▶ [WORK INSTRUCTIONS]:
Locate "Classic fitted short" in the listing. Transcribe the line that contains it and every line that follows, through the last, omitting all pictures.

▶ [RECORDED DATA]:
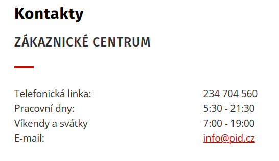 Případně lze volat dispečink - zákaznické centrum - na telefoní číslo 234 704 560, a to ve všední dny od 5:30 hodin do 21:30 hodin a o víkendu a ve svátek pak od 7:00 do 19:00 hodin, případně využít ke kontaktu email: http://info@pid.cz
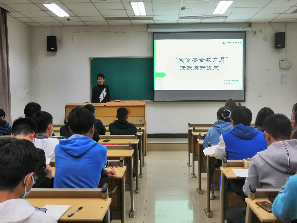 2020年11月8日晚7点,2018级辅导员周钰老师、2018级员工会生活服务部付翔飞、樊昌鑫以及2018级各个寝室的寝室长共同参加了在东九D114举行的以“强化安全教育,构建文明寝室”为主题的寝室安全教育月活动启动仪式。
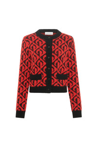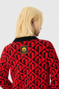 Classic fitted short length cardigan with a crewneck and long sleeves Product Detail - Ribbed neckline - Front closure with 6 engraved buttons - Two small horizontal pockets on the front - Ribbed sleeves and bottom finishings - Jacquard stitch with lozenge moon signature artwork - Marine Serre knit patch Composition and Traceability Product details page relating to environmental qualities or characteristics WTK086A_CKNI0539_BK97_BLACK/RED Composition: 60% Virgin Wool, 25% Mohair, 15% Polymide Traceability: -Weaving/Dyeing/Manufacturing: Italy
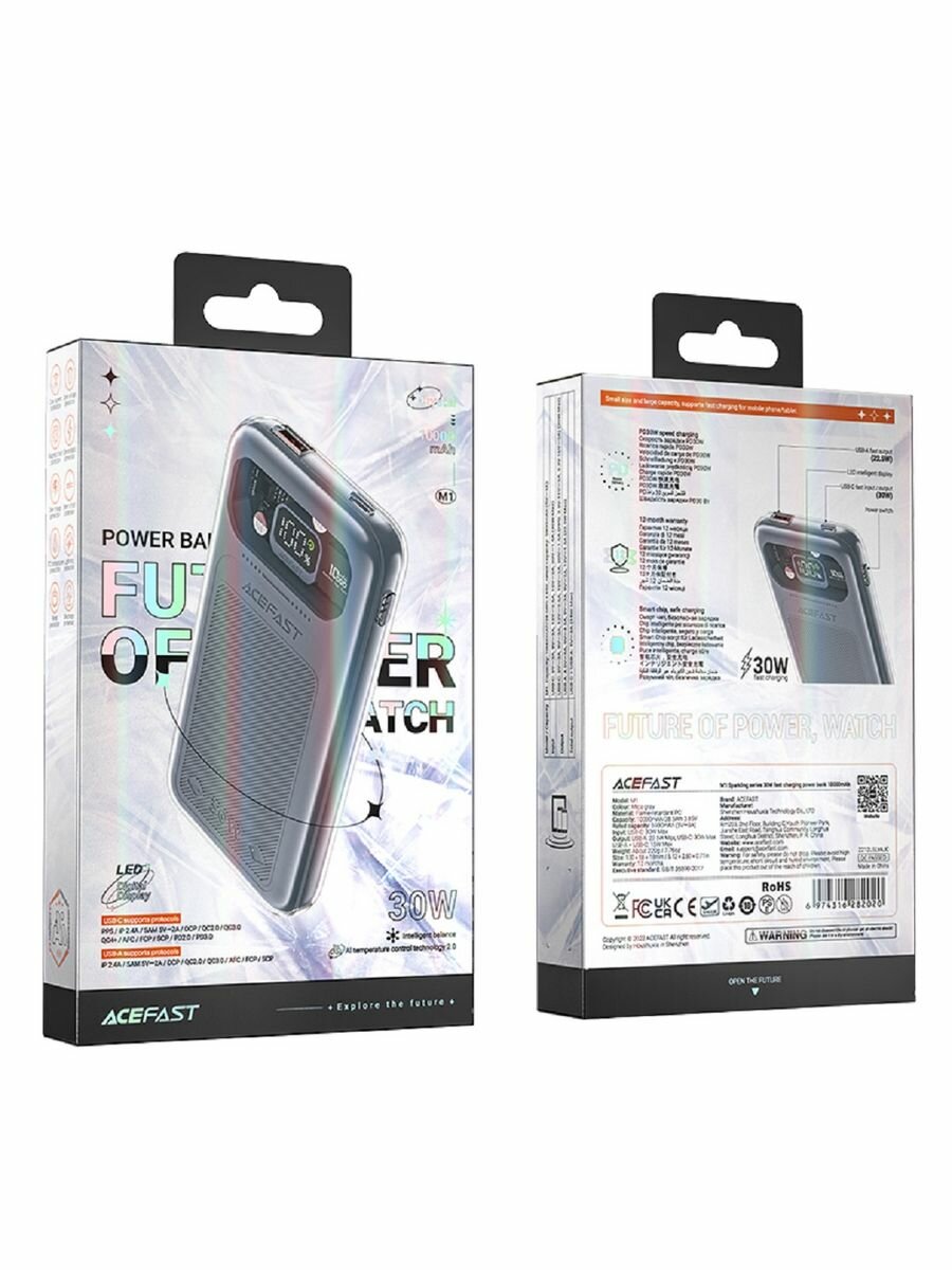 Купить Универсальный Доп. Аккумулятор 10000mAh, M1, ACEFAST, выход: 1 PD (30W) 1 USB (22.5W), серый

▶ [PROBLEM SOLUTION]:
 Classic fitted short length cardigan with a crewneck and long sleeves Product Detail - Ribbed neckline - Front closure with 6 engraved buttons - Two small horizontal pockets on the front - Ribbed sleeves and bottom finishings - Jacquard stitch with lozenge moon signature artwork - Marine Serre knit patch Composition and Traceability Product details page relating to environmental qualities or characteristics WTK086A_CKNI0539_BK97_BLACK/RED Composition: 60% Virgin Wool, 25% Mohair, 15% Polymide Traceability: -Weaving/Dyeing/Manufacturing: Italy
 Купить Универсальный Доп. Аккумулятор 10000mAh, M1, ACEFAST, выход: 1 PD (30W) 1 USB (22.5W), серый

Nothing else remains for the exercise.